Wednesday, February 24, 2016

Historical Food Fortnightly: Sweets for the Sweet

The Challenge: It's sugar, and maybe spice, and definitely everything nice. Test out a historic recipe for sweets, sweetmeats and candies--but don't let them spoil your appetite!

I've actually done a lot of research on commercial candy making in the eighteenth and nineteenth centuries, but haven't ventured to make much. It's still relatively easy to purchase historical candies if you know what you're looking for. I chose to make "Chocolate Puffs" from Mrs. Mary Eales's Receipts for Confectionery, which was first published in 1718.

At first glance, the recipe seemed like a straightforward meringue. But as is often the case, key information was missing, namely the number of egg whites, as well as bake time and temperature. I also wasn't quite sure of the consistency for "Chocolate grated, and sifted through an Hair Sieve." I decided cocoa powder would work. Perhaps I should have done this as my "History Detective" entry.

Year/Region: London, 1767 edition

How Did You Make It? First, I decided to halve the recipe, so I got out my digital scale. Eight oz. of sugar came out to exactly 1 cup. The cocoa, 1.5 oz., came to 1/3 cup. I looked at my favorite schaumtortes recipe, which uses 6 eggs, 1.5 cups of sugar, as well as vanilla and cream of tarter. I left the last two out, calculated the ratios and decided I needed about 4 1/2 egg whites. To get that, I used 3 large eggs and 2 medium eggs (our Polish chickens lay eggs that are just above medium in size and I had some grocery store eggs as well for the large ones).

I beat the whites to a foam at high speed in the stand mixer, then slowly added the sugar, one tablespoon at a time until the mixture formed stiff peaks. I then added the cocoa in the same manner, before realizing I really needed to slow down the mixer so the cocoa didn't waft all over the kitchen. 

I spooned the mixture into a pastry bag fitted with a round tip. I normally make meringue stars, but decided to follow the recipe's suggestion of making loaves. I just piped a loaf about 4" long, quickly realizing that the cookies were going to look remarkably like poop.

Following my schaumtortes recipe, I baked at 250 degrees for 75 minutes.

Time to Complete: Prep was about 20 minutes. I honestly didn't pay attention to that bit. The part in the oven felt like it took forever only because I couldn't wait to taste them. One hour and 15 minutes of baking time. A further 5 minutes with the oven door ajar to cool.

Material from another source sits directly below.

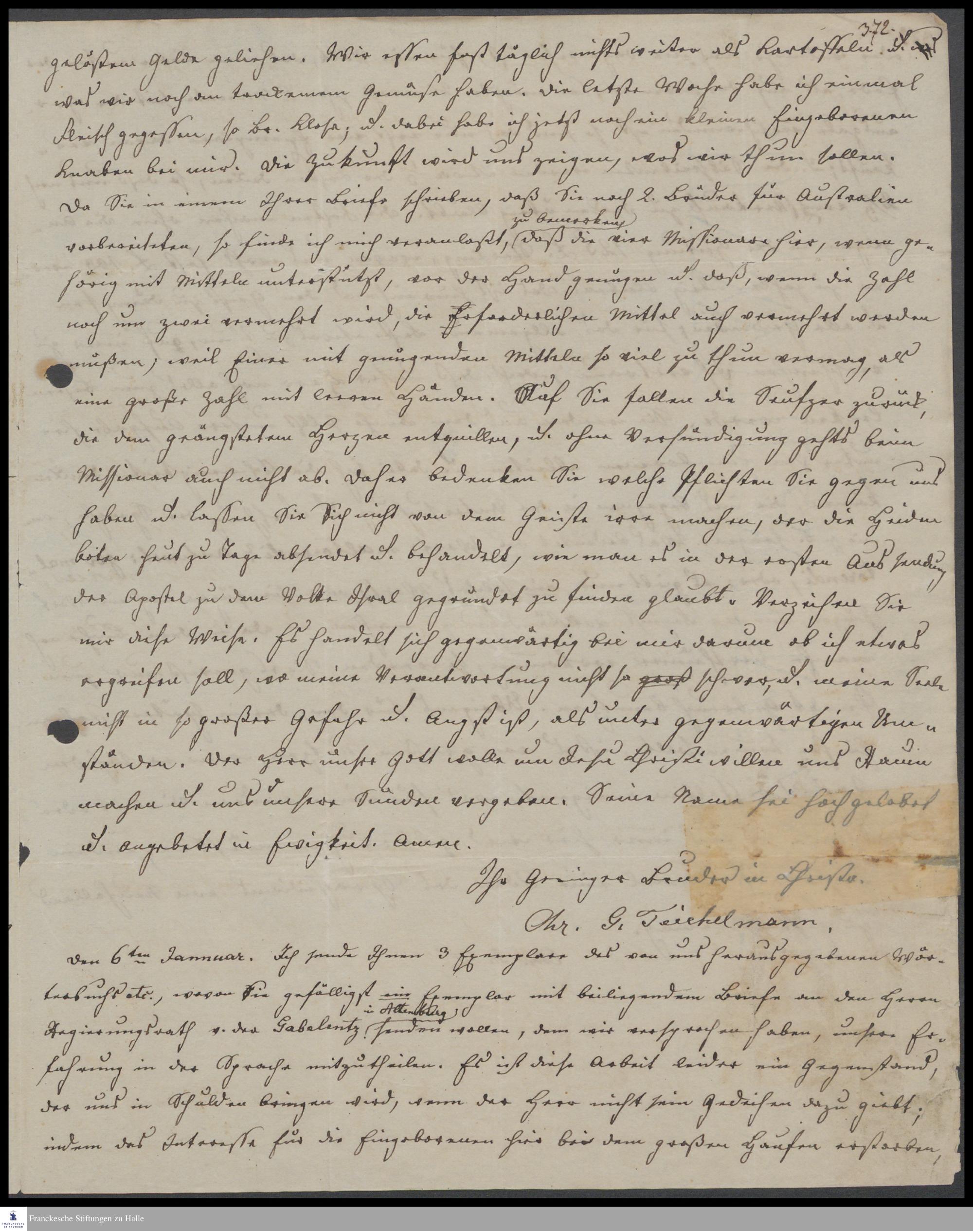 Brief von Christian Gottlob Teichelmann an das Komitee der ev.-luth. Missionsgesellschaft Dresden.

Total Cost: I had everything to hand, so I can only estimate cost. I guess the cost for 5 eggs would have been about $1, If cocoa sells for about 40 cents/oz., I would have spent 60 cents. Sugar is about 9 cents/oz, so 72 cents for the sugar. Total cost would be $2.32 for 32 meringues. 

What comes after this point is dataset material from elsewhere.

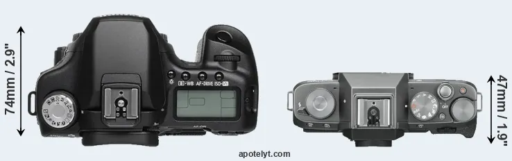 Compare 50D versus X-T100 top

How Successful Was It? OMG so delicious. I snatched four out of the oven while baking, just for "testing" purposes. After the second, I warned LB that if he wanted any, he had better get on it as I planned to eat them all. I've made chocolate meringues before and these were by far the best. They were both crispy and chewy and wonderfully chocolaty. The only problem was that they looked an awful lot like poop.

mmmmmm, poop!
If you make these, maybe pipe into a less scatological form. After all, the recipe says "any Fashion you please."

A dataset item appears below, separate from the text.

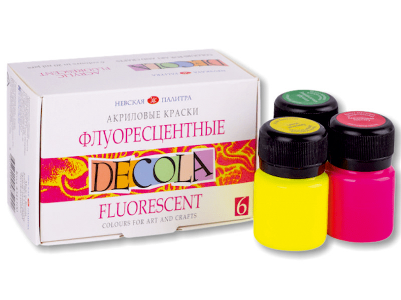 Краска акриловая флуоресцентная в наборе - 6цв. 20мл. "Decola"(Н.П.)

How Accurate Was It? Very accurate, I think. I'm not quite certain that cocoa is the same as grated chocolate run through a hair sieve. I used some modern recipes to calculate how many egg whites I should use. I used a stand mixer and a modern, commercial convection oven. Instead of baking on papers, I used a silpat.


Nina said...

Totally brilliant and inspiring! Now I want to make Chocolate-Puffs, just so I can serve them to my family and make them wonder!

Cinder Runner said...


QNPoohBear said...

Great minds think alike! I found a bunch of similar recipes going back to John Nott and Frederick Nutt in the 18th century. Yours came out better than mine did. I used American Heritage Chocolate made by Mars to mimic the type of chocolate in the 18th century. Cocoa powder wasn't invented until the 19th century after the time of the recipe I used.

7-letter Deborah, never a Deb said...

I've had that American Heritage chocolate. It's delicious! My main reason for opting for cocoa is I just didn't feel like grinding away on the microplane for ever and ever!